The contents of the birchbark documents are remarkably varied. Many of them are concerned with money or (especially among the later letters) property. These range from brief lists of private debtors—just a sequence of names and the sums they owe—to fairly systematic registers of tax or tribute obligations from a village or region. Sometimes payment is a matter of dispute, and the documents reveal much about the processes of conflict resolution, whether informal (through family and associates) or formal (through judicial process and administrative enforcement). Although birchbark was mainly for ephemeral communication, not designed for official use, a few of the documents appear to contain drafts of texts whose official versions were destined for parchment, such as testaments for the disposal of property. Among the later documents are even found formal petitions sent from outlying settlements to their urban-dwelling lords. Yet it would be misleading to characterize the birchbark documents as merely a form of unsystematic unofficial business and financial archive. Their delight, for the modern researcher, lies in their apparent randomness, in the serendipitous, unexpected nature of their contents: love letters, fragments of folksy wisdom, amuletic incantations, family squabbles, childish doodles, drafts of designs for icons, a correspondence between nuns, practice alphabets, prayers. Each fresh season produces novelties, and even after more than half a century of discoveries there is no reason to suppose that birchbark is close to exhausting its capacity to surprise, and to add continually to the understanding of early Rus history.
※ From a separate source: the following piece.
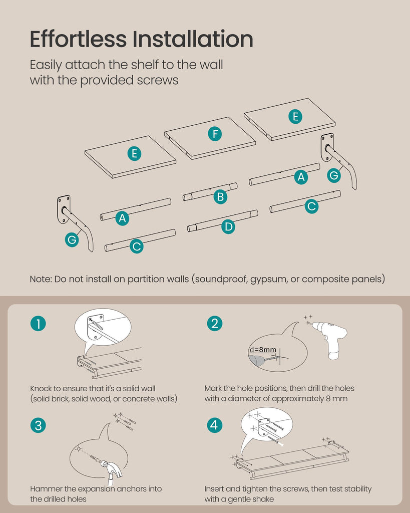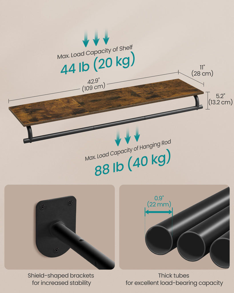 Max. Static Load Capacity of Hanging Rod: 44 lb (20 kg)

At the end of the fifteenth century the continuous tradition of regular writing on birchbark came to an end. No contemporary commentator mentions this, so the reasons are subject to speculation. Perhaps the birchbark simply lost out in competition with paper, as a less fragile and more adaptable material. Or perhaps there were also structural factors, such as the spread of bureaucratic administration, which expanded the market for paper and pushed down its price while highlighting the comparative crudity of the traditional local alternative. Whatever the explanation for its demise, the age of birchbark literacy, in a country where written sources in general are notoriously scarce, has provided researchers with an expanding body of writing unique in medieval Europe.
See also: novgorod the great
bibliography
Franklin, Simon. (1985). "Literacy and Documentation in Early Medieval Russia." Speculum 60:1–38.
Franklin, Simon. (2002). Writing, Society, and Culture in Early Rus, c. 950–1300. Cambridge, UK: Cambridge University Press.
Levin, Eve. (1997). "Lay Religious Identity in Medieval Russia: The Evidence of Novgorod Birch-Bark Documents." General Linguistics 35:131–155.
Mühle, Eduard. (1994). "Commerce and Pragmatic Literacy: The Evidence of Birchbark Documents (from the Mid-Eleventh to the First Quarter of the Thirteenth Century) on the Early Urban Development of Novgorod." In California Slavic Studies XIX: Medieval Russian Culture II, eds. Michael S. Flier and Daniel Rowland. Berkeley: University of California Press.
Thompson, M. W. (1967). Novgorod the Great. London: Evelyn, Adams, and Mackay.
Vermeer, Willem. (1995). "Towards a Thousand Birch-bark Letters." Russian Linguistics 19:109–123.